Profile Details for LLM-specific NIMs# Optimized Profiles vs. Local Build Profiles# Both optimized and generic local build profiles use TensorRT-LLM, but they differ in a few ways. Optimized profiles leverage GPU specific TensorRT-LLM options in order to achieve optimal throughput and latency, and using an optimized profile causes NIM to download a pre-compiled TensorRT-LLM engine. Local build profiles use heuristics to choose a balanced set of options, and using a local build profile causes NIM to download the raw model weights and perform compilation on the local system. This can lead to longer startup times when deploying with a local build profile that has not been previously deployed and cached. Optimization Targets# optimized profiles can have different optimization targets, catered to either minimize latency or maximize throughput. These engine profiles are tagged as latency and throughput respectively in the profile name and the model manifest file included with the NIM. latency profiles are designed to minimize: Time to First Token (TTFT): The latency between the initial inference request to the model and the return of the first token.

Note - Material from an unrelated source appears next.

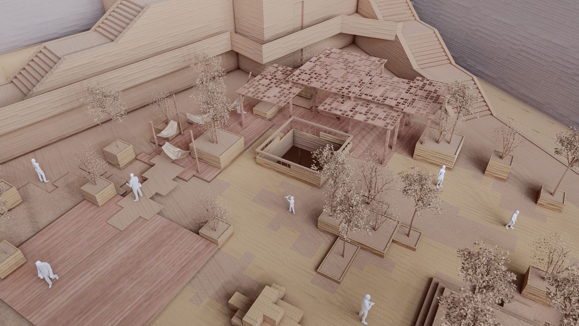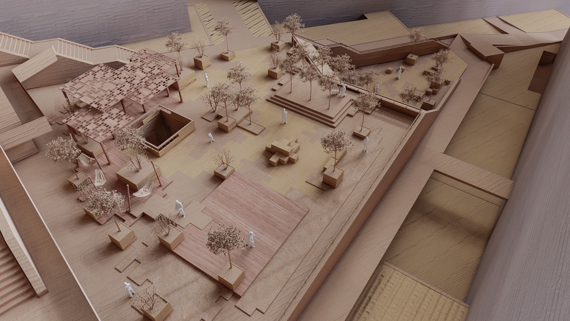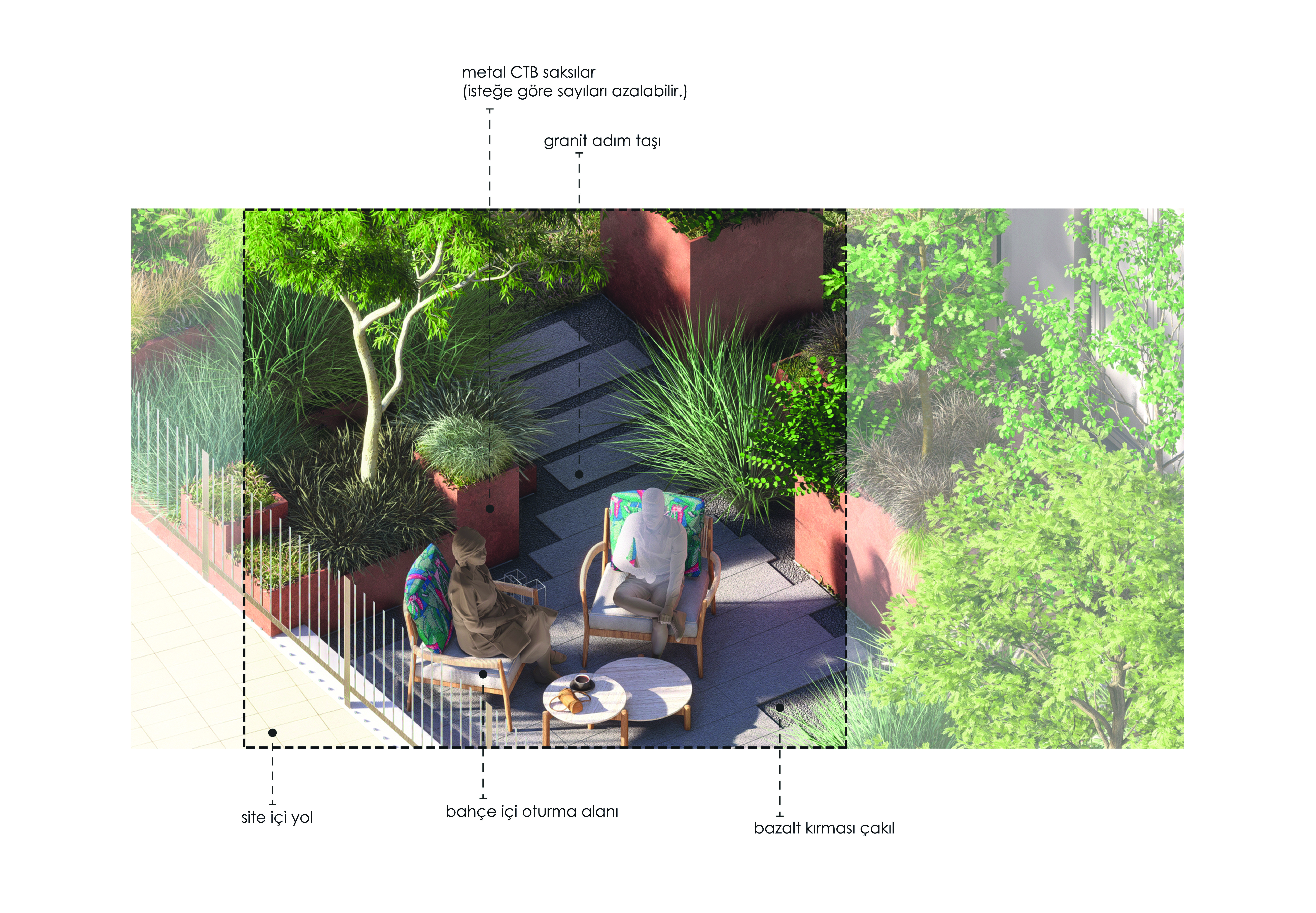 Approach to design in the project; It was developed to create a space mesh that melts into each other by placing the area on a coordinate system and repeating similar units and textures. The social facility area designed in the central courtyard is connected to each other at two different elevations and creates different resting and meeting spaces with the proposed green area, eaves and traces created on the hard ground.

Inter-Token Latency (ITL): The latency between each token after the first. throughput profiles are designed to maximize: Total Throughput per GPU: The total number of tokens generated per second by the NIM, divided by the number of GPUs used. While there can be many differences between the throughput and latency variants to meet these different criteria, one of the most significant is that throughput variants utilize the minimum number of GPUs required to host a model (typically constrained by memory utilization). Latency variants use additional GPUs to decrease request latency at the cost of decreased total throughput per GPU relative to the throughput variant.